#### Data provided ####
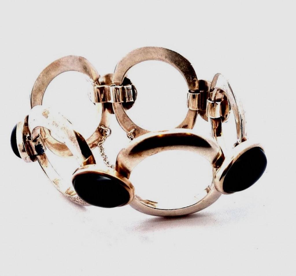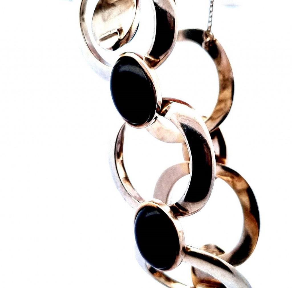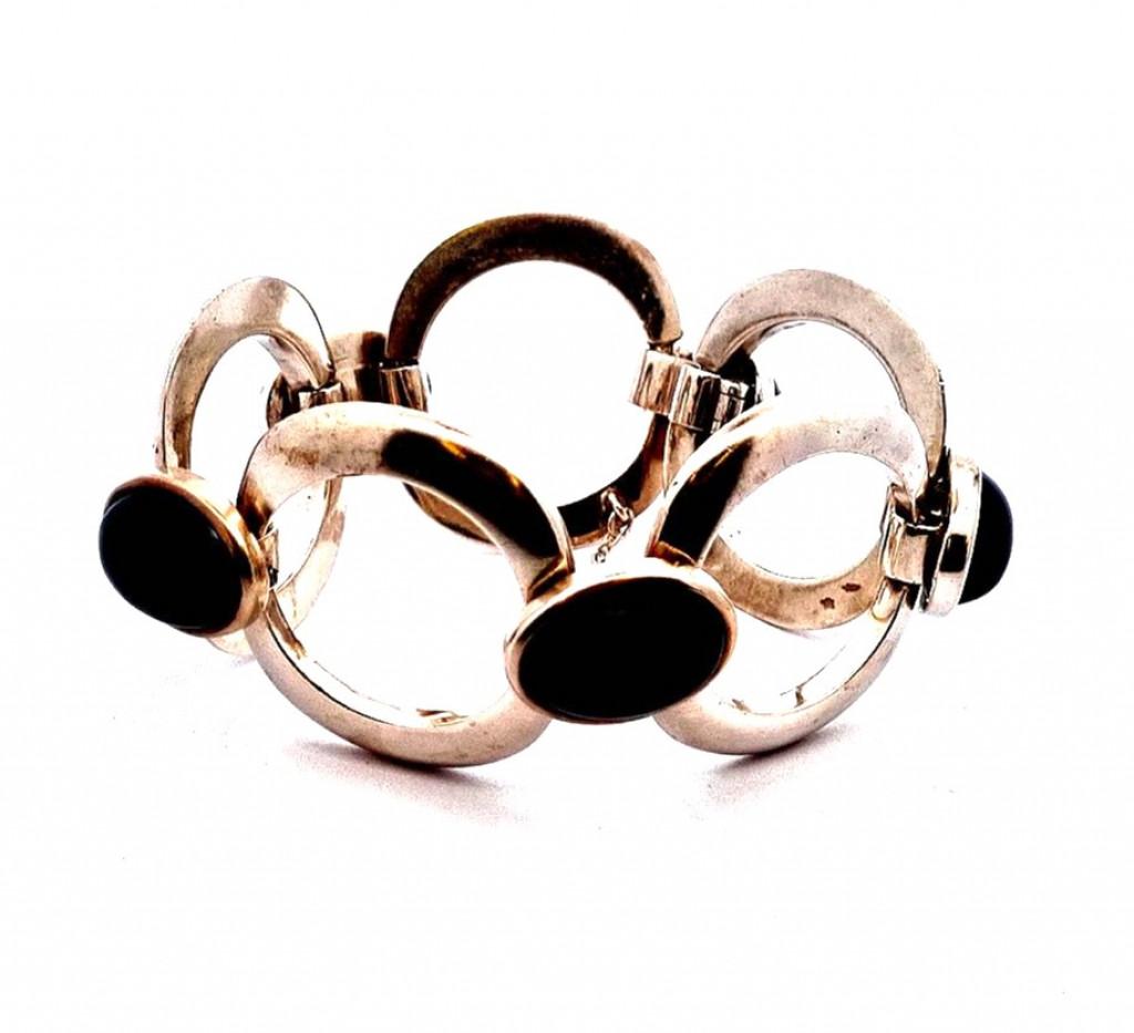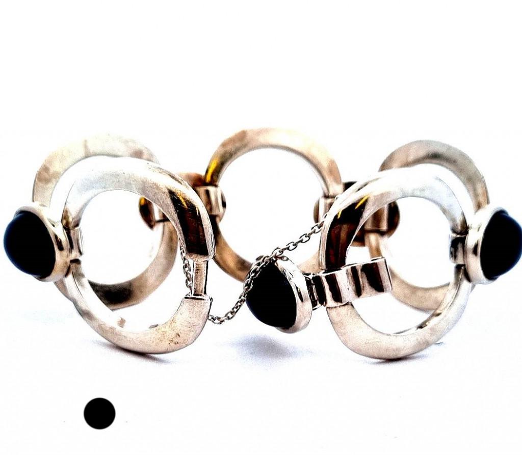 Stříbrný náramek o ryzosti 959/1000, punc kamzík. Váha 93,23 g, vnitřní průměr cca 62 mm, v nejširším bodě 35 mm.
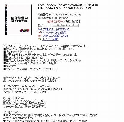 *10/30発売「SOCOM CONFRONTATION」
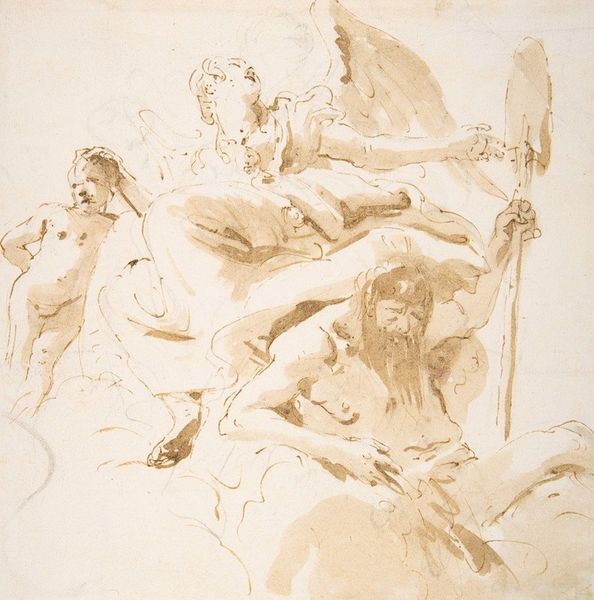 Giovanni Battista Tiepolo made this drawing of Prudence and a River God using pen and brown wash over black chalk. Tiepolo, working in 18th century Venice, navigated a world of aristocratic patronage and the rigid expectations of the church. This drawing hints at those expectations. We see Prudence, traditionally allegorized as feminine, standing with a mirror, symbolizing wisdom and foresight. Beside her is a seated river god. Figures like these were standard in Tiepolo’s time. His patrons would have wanted clear messaging and recognized symbols. However, the artist’s skillful execution is anything but standard. The drawing emphasizes the tension between established norms and the artist's own interpretation. The loose, fluid lines bring an energy to the composition. Perhaps Tiepolo is nudging against the confines of societal and artistic expectations, infusing the classical with a vibrant, personal expression. This balance of constraint and freedom is fascinating and it is palpable in the emotional depth of the piece.
####
Work item: Any images must be left out; transcribe the rest of the material exactly.

Solution:
 Stříbrný náramek o ryzosti 959/1000, punc kamzík. Váha 93,23 g, vnitřní průměr cca 62 mm, v nejširším bodě 35 mm.
 *10/30発売「SOCOM CONFRONTATION」
 Giovanni Battista Tiepolo made this drawing of Prudence and a River God using pen and brown wash over black chalk. Tiepolo, working in 18th century Venice, navigated a world of aristocratic patronage and the rigid expectations of the church. This drawing hints at those expectations. We see Prudence, traditionally allegorized as feminine, standing with a mirror, symbolizing wisdom and foresight. Beside her is a seated river god. Figures like these were standard in Tiepolo’s time. His patrons would have wanted clear messaging and recognized symbols. However, the artist’s skillful execution is anything but standard. The drawing emphasizes the tension between established norms and the artist's own interpretation. The loose, fluid lines bring an energy to the composition. Perhaps Tiepolo is nudging against the confines of societal and artistic expectations, infusing the classical with a vibrant, personal expression. This balance of constraint and freedom is fascinating and it is palpable in the emotional depth of the piece.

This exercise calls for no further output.